Monteiro Lobato relutou em aceitar a láurea acadêmica. Era mais um ativista afeiçoado a perseguir as melhores causas. Encetou luta inglória para mostrar que o Brasil possuía petróleo e deveria explorá-lo diretamente, sem interferência de interesses estrangeiros. Foi preso por isso. Há pouco narrei a visita que a menina Lygia Fagundes Telles fez a ele no cárcere. Mas não foi só isso. Arrostou a incompreensão para publicar autores brasileiros. Assumiu o desafio, colheu prejuízos.

Divulgou, qual apóstolo das letras, a produção pátria. Ignácio de Loyola Brandão é outro evangelista da literatura.

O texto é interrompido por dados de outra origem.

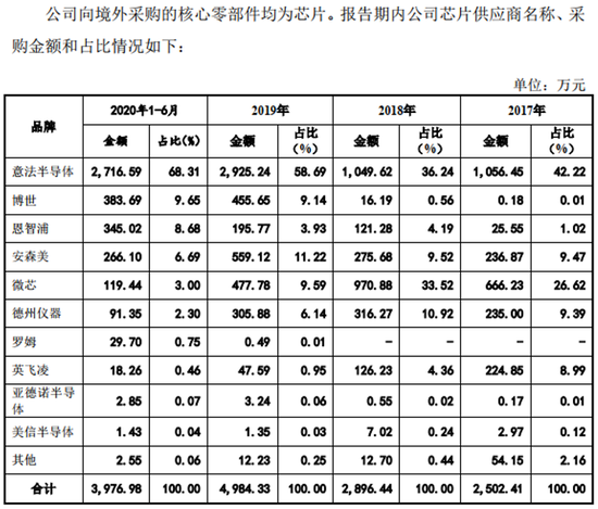 但由表2可知,2017-2019年及2020年上半年,菱电电控采购安森美和英飞凌芯片的金额分别为164.72万元、401.91万元、606.71万元和284.36万元。

Embora famoso, com livros publicados em todo o mundo, não recusa convites e percorre o Brasil inteiro, a pregar a importância da escrita e da leitura. Teve um de seus livros proibido pelo autoritarismo. Agora é novamente censurado. Além disso, é profeta.

Num de seus livros, Não Verás País Nenhum, anteviu o caos resultante da opção pela “cultura do automóvel” que fizemos na década de 60 do século passado e na qual nos mantivemos até hoje. Um dia, com o excesso de carros, sem poder se movimentar, os motoristas deixariam seu automóvel e sairiam a caminhar, irados, impotentes e revoltados. Falta muito para isso? Também previu a tragédia da falta d´água.

Exatamente no Largo do Arouche, onde está situada a sede da Academia Paulista de Letras, haveria o “Museu da água”, com frascos a conter amostra dos rios que desapareceram. Alguém duvida de que cheguemos a isso? Censura nunca mais! É o que a Constituição da República assegura. Seja como for, a Academia Paulista de Letras se orgulha de ter dois membros seus sob a patrulha do obscurantismo. Isso prova que ela soube, sabe e saberá escolher seus membros.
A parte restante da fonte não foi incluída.